Problem description: In this exercise, the entries below include pictures. Repeat exactly the lines from the line with "Converter vt50-189-10/xg power" to the line with "The sturdy bronze", including both, but without the pictures.

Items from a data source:
——

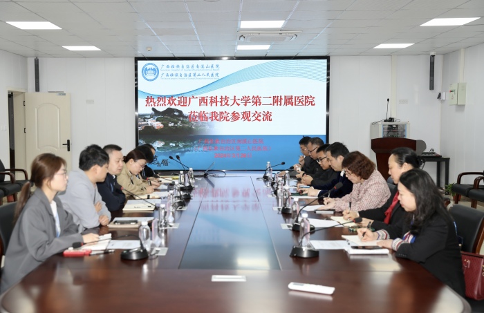 为加强双方医院间的合作与交流,探讨医疗质量管理及医院等级评审工作,提升医疗服务水平,3月26日,广西科技大学第二附属医院党委书记谭铁军,党委副书记、院长覃莲,副院长韦富贵带领部分职能科室负责人到广西壮族自治区南溪山医院座谈交流。南溪山医院党委副书记、院长李朝旭,副院长唐芬与相关职能科室负责人出席座谈会。
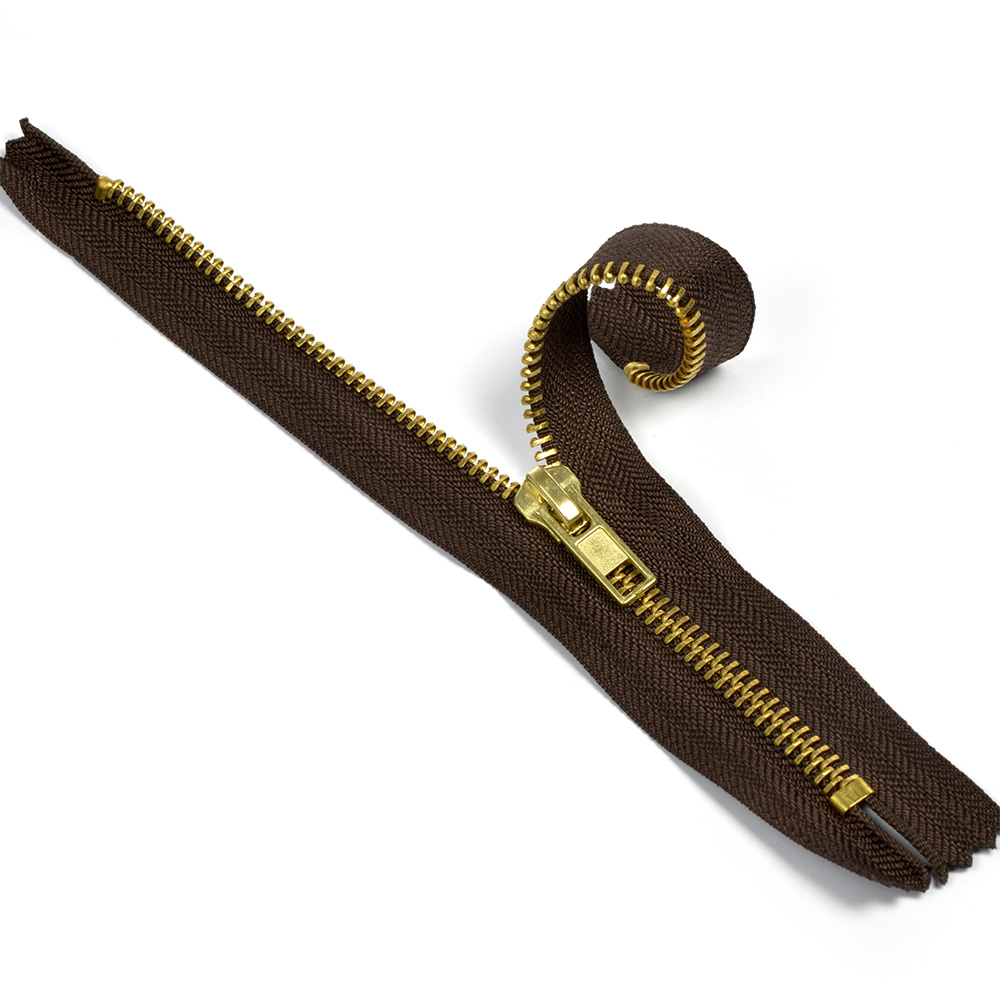Молния металл джинсовая Т5 (5 мм) 1 зам., н/раз., золото, 18 см, цв.F304 т.коричневый уп.10 шт
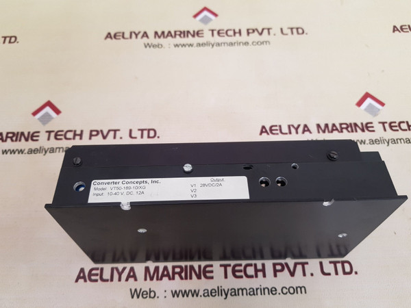 Converter vt50-189-10/xg power supplyconverter concepts, inc.model: vt50-189-10/xginput: 10-40v, dc, 12aoutput:v1: 28vdc/2achassisweight: 805 gm
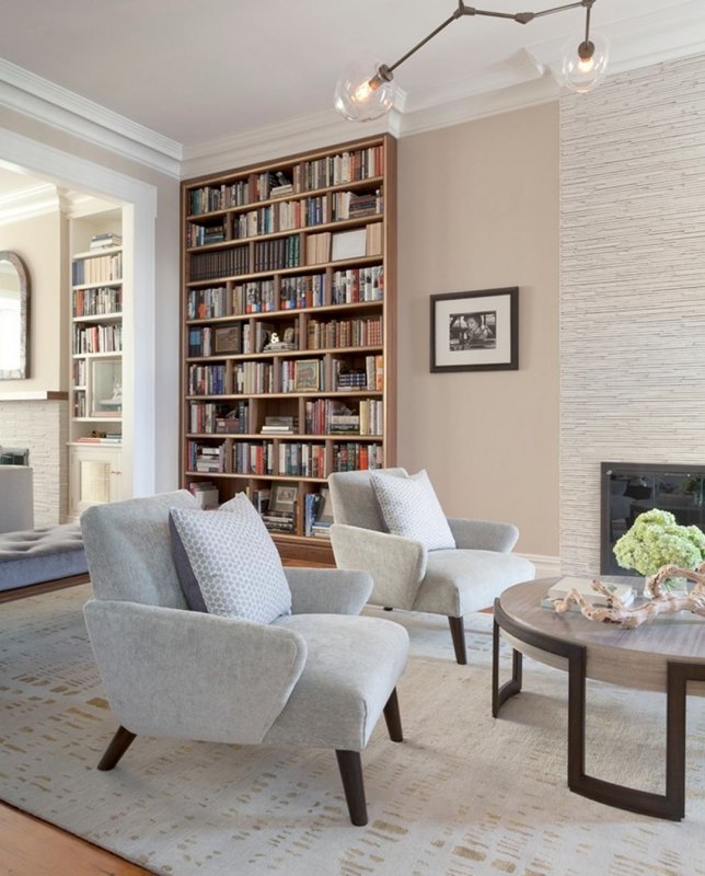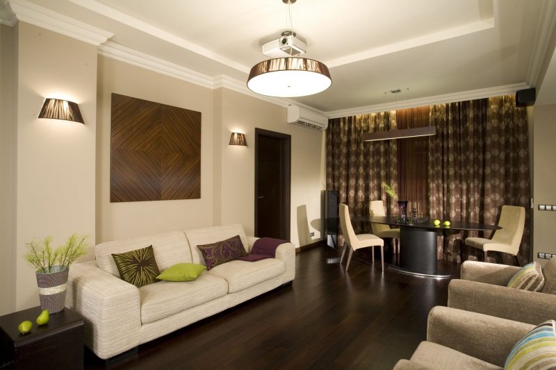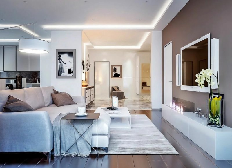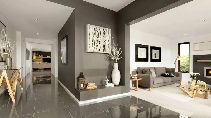 Современные интерьеры наполняют нейтральные расслабляющие цвета. Они не притягивают внимание и не вызывают раздражения. В современных жилищах мегаполиса популярно использовать серо-коричневую гамму в качестве фона к белым поверхностям. Акценты расставляются в интерьере с помощью декоративных элементов, мебели и домашних растений.
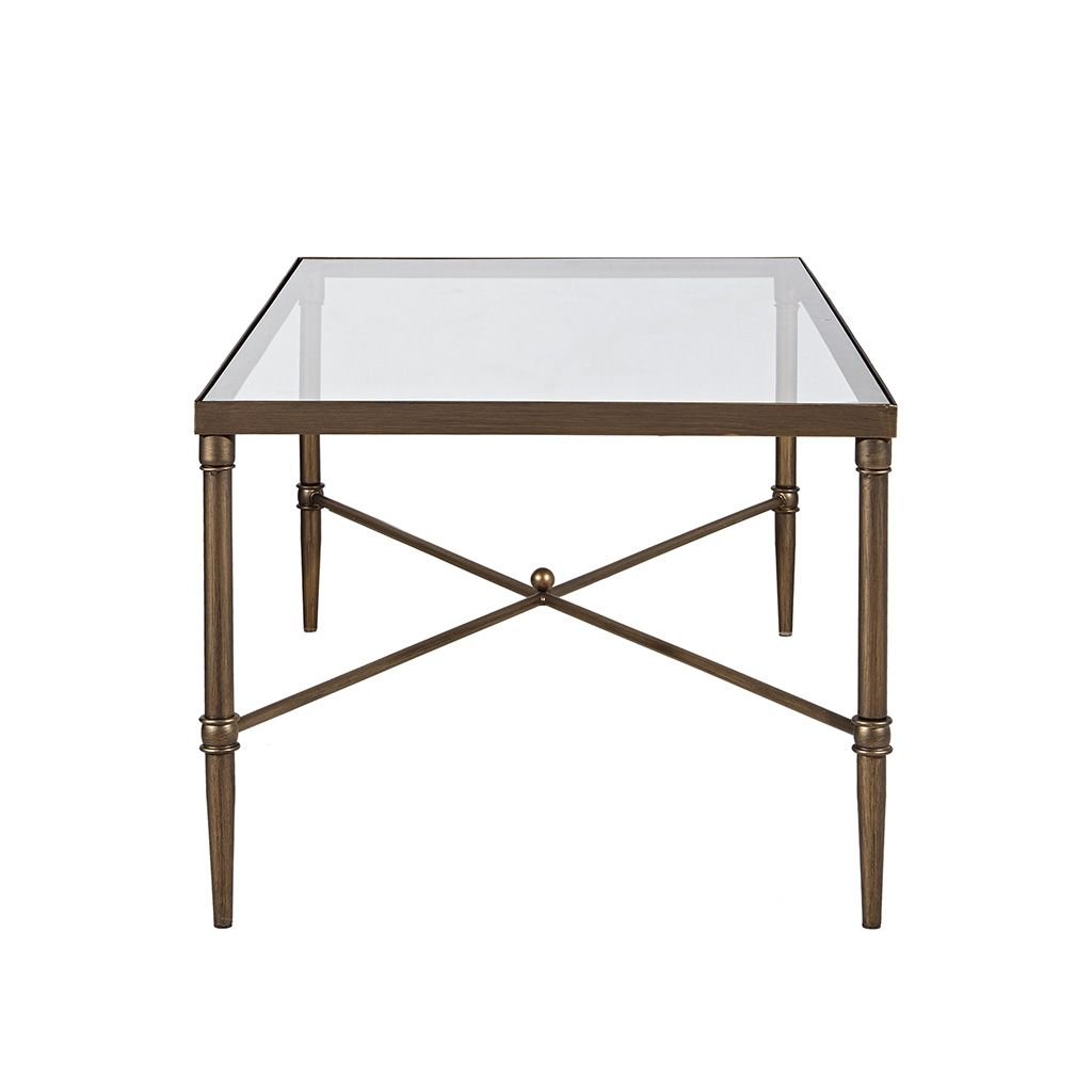 The sturdy bronze metal finished frame and tempered glass top makes this table the center off attention. Assembly required.
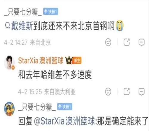 在賽后的新聞發(fā)布會上,北京男籃主教練許利民也表達(dá)了對球員表現(xiàn)的不滿。另外他還被問到了球隊是否會對外援升級的問題。對此許利民表示,球隊也一直在挑選更好的外援,但具體還要根據(jù)實(shí)際情況決定。隨后有北京球迷詢問了身在澳大利亞的媒體人“StarXia澳洲籃球”戴維斯是否會加盟北京男籃的問題,該媒體人表示,戴維斯加盟北京男籃的時間會和去年哈維加盟上海男籃的時間差不多。也就是說,戴維斯是確定會加盟北京男籃的,雙方應(yīng)該已經(jīng)達(dá)成了加盟意向。

——

Response area:
 Converter vt50-189-10/xg power supplyconverter concepts, inc.model: vt50-189-10/xginput: 10-40v, dc, 12aoutput:v1: 28vdc/2achassisweight: 805 gm
 Современные интерьеры наполняют нейтральные расслабляющие цвета. Они не притягивают внимание и не вызывают раздражения. В современных жилищах мегаполиса популярно использовать серо-коричневую гамму в качестве фона к белым поверхностям. Акценты расставляются в интерьере с помощью декоративных элементов, мебели и домашних растений.
 The sturdy bronze metal finished frame and tempered glass top makes this table the center off attention. Assembly required.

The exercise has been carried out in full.